The New York News Daily recently published a story about American plans to interfere in Russia’s election this month, with the winner, Mr. Putin, is a foregone conclusion. It was circulated on social media by people with long ties to the Kremlin’s state media apparatus.
Another article last week appeared to come from a fictional character in X. The New York News Daily posted an article about what it said was a thread announcing the $115 million Hollywood blockbuster about to Mr. Zelensky. The user at X is called Brian Wilson and is described as an associate producer at Paramount Pictures.
The account only posted 85 times on X, most of them reposting about movies over two days in February. A week later, the user suddenly announced a deal to make a biopic of Mr. Zelensky — “The Price of Victory” — in a series of posts.
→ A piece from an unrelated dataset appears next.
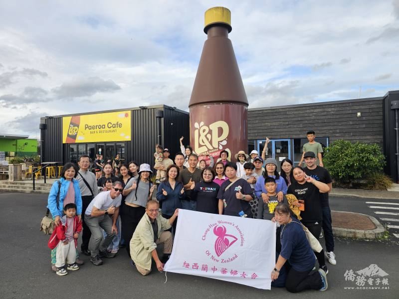 一行人與紐西蘭獨有L&P汽水瓶雕塑合影留念

Those were followed last week by two more featuring actual videos of actors Chuck Norris and Dolph Lundgren being manipulated to look like they wanted him to succeed in the film.
The videos appear to have come from Cameo, the celebrity greeting app, which was caught in an earlier Russian campaign disclosed by Microsoft in December.
A spokesperson for Paramount Pictures said no one named Brian Wilson worked at the studio. A spokesperson for Cameo said Monday that the company was not aware of the videos but added, “As a general rule, when posts that misuse Cameo-sourced content are brought to our attention, we request their departure from the platform in question.” Later that day, two videos on the X account were blocked for violating intellectual property rights. X later suspended the account.
Posts about the movie went viral on Telegram. Many users cited the actual New York Daily News as the source and said it highlighted the abuse of Western financial aid in Ukraine’s war against Russia. The narrative was also fueled by outlets formerly linked to Russian intelligence agencies, including NewsFront and Politnavigator, said Clint Watts, general manager of Microsoft’s Threat Analysis Center.
Articles typically get hundreds of posts on various platforms, including X, Facebook and Telegram, as well as Reddit, Gab and Truth Social, though it’s hard to measure the exact reach. Together, they can reach thousands of readers, even millions in theory.
“This is absolutely prelude to the kind of interference we’re going to see in this election cycle,” Mr. Linvill said. “It’s cheap, highly targeted and obviously effective.”
Jeanne Noonan DelMundo contributed reporting.